In the modern web ecosystem, websites often load resources from a range of third-party domains such as ad providers, tracking services and analytics services. This is a well known design decision that establishes an explicit trust between websites and the domains providing such services. However, often overlooked is the fact that these third-parties can further load resources from other domains, creating a dependency chain. This results in a form of implicit trust between first-party websites and any domains loaded further down the chain.

Consider the bbc.com webpage, an hypothetical example, which loads JavaScript program from widgets.com, which, upon execution loads additional content from another third-party, say ads.com. Here, bbc.com as the first-party website, explicitly trusts widgets.com, but implicitly trusts ads.com. This can be represented as a simple dependency chain in which widgets.com is at level 1 and ads.com is at level 2. Past work tends to ignore this, instead collapsing these levels into a single set of third-parties (Falahrastegar et al., 2014).

In this work, we study the dependency chains in the web ecosystem by focusing on the implicitly loaded resources.

First, we obtain the resource dependencies of the Alexa top-200K websites’ main pages using the method described in (Ikram et al., 2019). This Chromium-based Headless (Google, 2018) crawler renders a given website and tracks resource dependencies by recording network requests sent to third-party domains. The requests are then used to reconstruct the dependency chains between each first-party website and its third-party URLs. Note that each first-party can trigger the creation of multiple dependency chains (to form a tree structure). From the Alexa Top-200k websites, we collect 11,287,230 URLs which consist of 6,806,494 unique external resources that correspond to 68,828 and 196,940, respectively, unique second level domains of third- and first-parties.

The next challenge is to classify domains as suspicious vs. innocuous. For this we use VirusTotal (Inc, 2019) — an online solution which aggregates the scanning capabilities provided by 68 Anti-Virus (AV) tools, scanning engines and datasets. It has been commonly used in the academic literature to detect malicious apps, executables, software and domains (Zhao et al., 2019; Ikram et al., 2016; Ikram and Kaafar, 2017). For each domain, we use the VirusTotal report API to obtain the VTscore for each third-party domain. This VTscore represents the number of AV tools that flagged the website as malicious (max. 68). The reports also contain meta-information such as the first scan date, scan history, and domain category. We further supplement each domain with their WebSense (Websense, 2018) category provided by the VirusTotal’s reports.

We begin by inspecting how extensive dependency chains are across the Alexa’s top-200K. We confirm their prominence, finding that around 50% of websites do include third-parties (e.g., content delivery networks (CDNs) such as akamaihd.net and ad and tracking services such as google-analytics.com) which subsequently load other third-parties to form a dependency chain (i.e., they implicitly trust third-parties they do not directly load). The most common implicitly trusted third-parties are well known operators, e.g., google-analytics.com and doubleclick.net: these are implicitly imported by 68.3% (134,510) and 46.4% (91,380) websites respectively. However, we also observe a wide range of more obtuse third-parties such as pippio.com and 51.la imported by 0.52% (1,146) and 0.51% (1,009) of websites. As depicted in Figure 1a, although the majority (84.91%) of websites have short chains (with levels of dependencies below 3), we find first-party websites with dependency chains exceeding 30 in length. This not only complicates page rendering, but also creates notable attack surface.

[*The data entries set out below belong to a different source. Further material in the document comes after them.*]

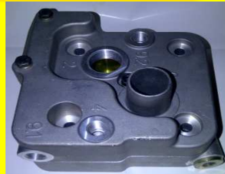
G-117-906 CABEZA COMPLETA WABCO 906 ELECTRONICA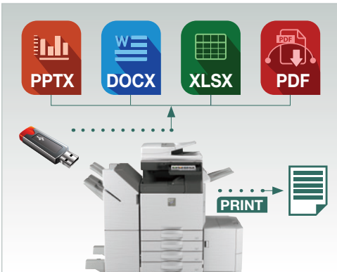
Direct print to popular file formats seamlessly with Sharp's available Direct Print Expansion Kit. 1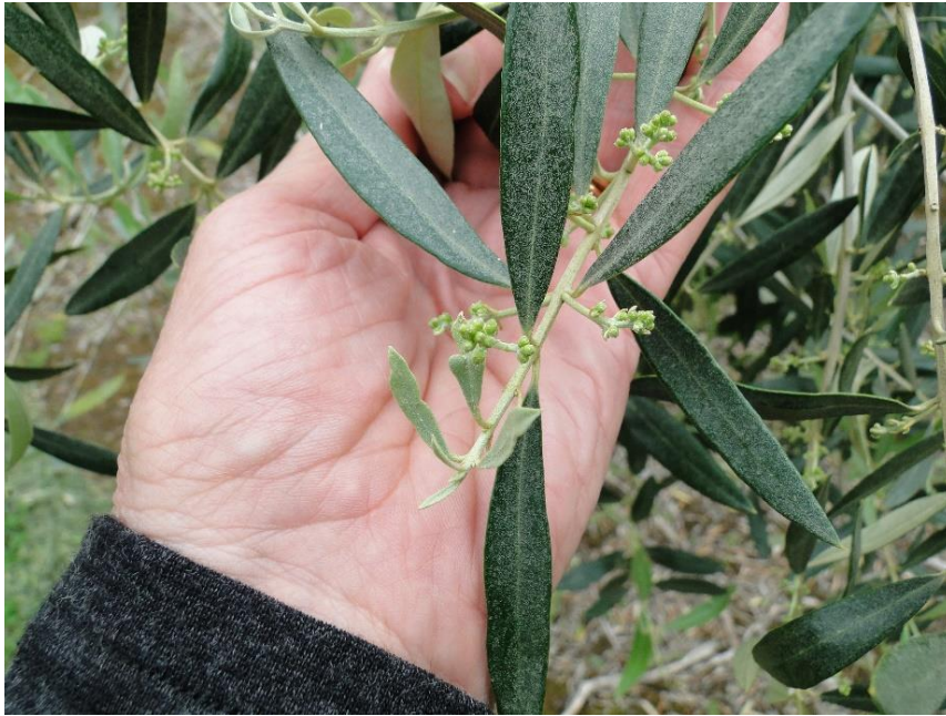
Flowering at Leafyridge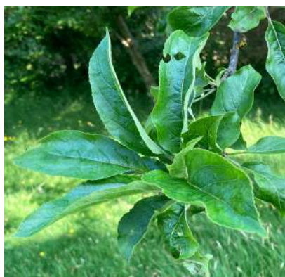
Orchard apple leaves

Originally from central Asia, unlike the crab apple, which is native. The orchard apple has hairy stems and the leaves are thinly woolly underneath. The fruits are larger and the leaves longer and less rounded than those of crab apple.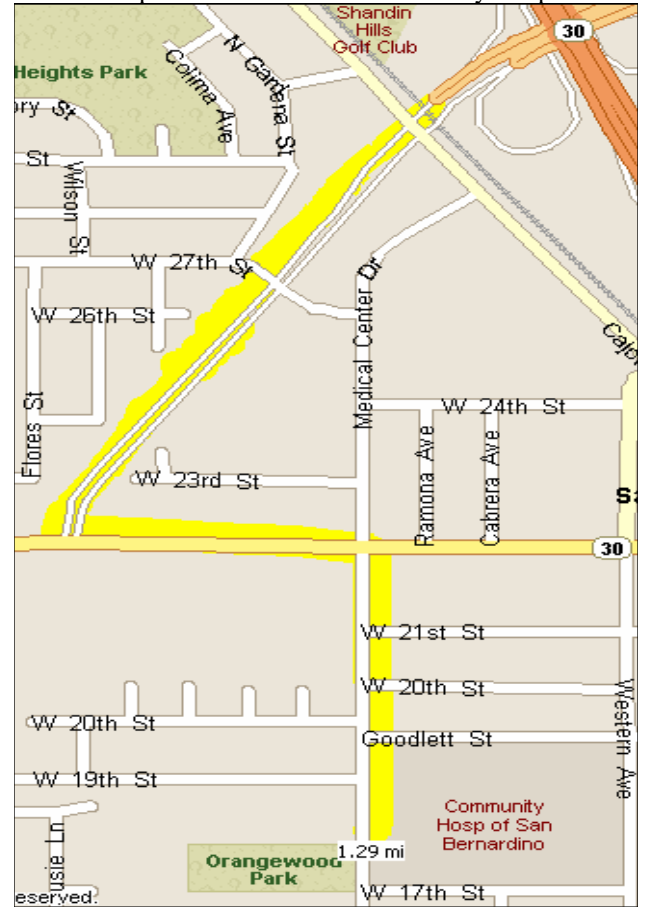
Close up of San Bernardino Community Hospital

(not on map) Kaiser Permanente Medical Center 9961 Sierra Avenue, Fontana, CA (909) 427-5000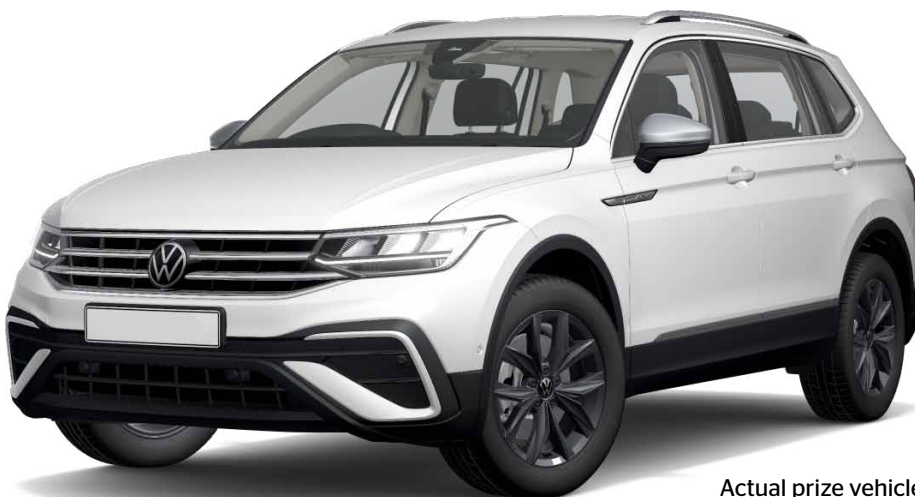
Actual prize vehicle may differ from image shown.

Five hundred tickets are available at $500 each. Tickets will go on sale later this month so please keep checking the Hospice Waikato website for your chance to purchase a ticket and be in to win - www.hospicewaikato.org.nz .

We also inspect the categories of third-party domains hosting these resources. Figure 1b presents the make-up of third-party categories at each level in the chain. It is clear that, across all levels, advertisement domains make up the bulk of third-parties. We also notice other highly demanded third-party categories such as search engines, Business and IT. Figure 1b also reveals that the distributions of categories vary across each dependency level. For example, 23.1% of all loaded resources at level 1 come from advertisement domains, 37.3% at level 2, and 46.2% at level 3. In other words, the proportion increases across dependency levels. In contrast, social network third-parties (e.g., Facebook) are mostly presented at level 1 (9.58%) and 2 (13.57%) with a significant drop at level 3. The dominance of advertisements is not, however, caused by a plethora of ad domains: there are far fewer ad domains than business or IT. Instead, it is driven by the large number of requests to advertisements: Even though ad domains only make-up 1.5% of third-parties, they generate 25% of resource requests. Importantly, these popular providers can trigger further dependencies; for example, doubleclick.com imports 16% of its resources from further implicitly trusted third-party websites. This makes such domains an ideal propagator of malicious resources for any other domains having implicit trust in it (Lauinger et al., 2017).

With the above in mind, we then proceed to inspect if suspicious or even potentially malicious third-parties are loaded via these long dependency chains. We do not limit this to just traditional malware, but also include third-parties that are known to mishandle user data and risk privacy leaks (Masood et al., 2018; Su et al., 2018; Hashmi et al., 2019).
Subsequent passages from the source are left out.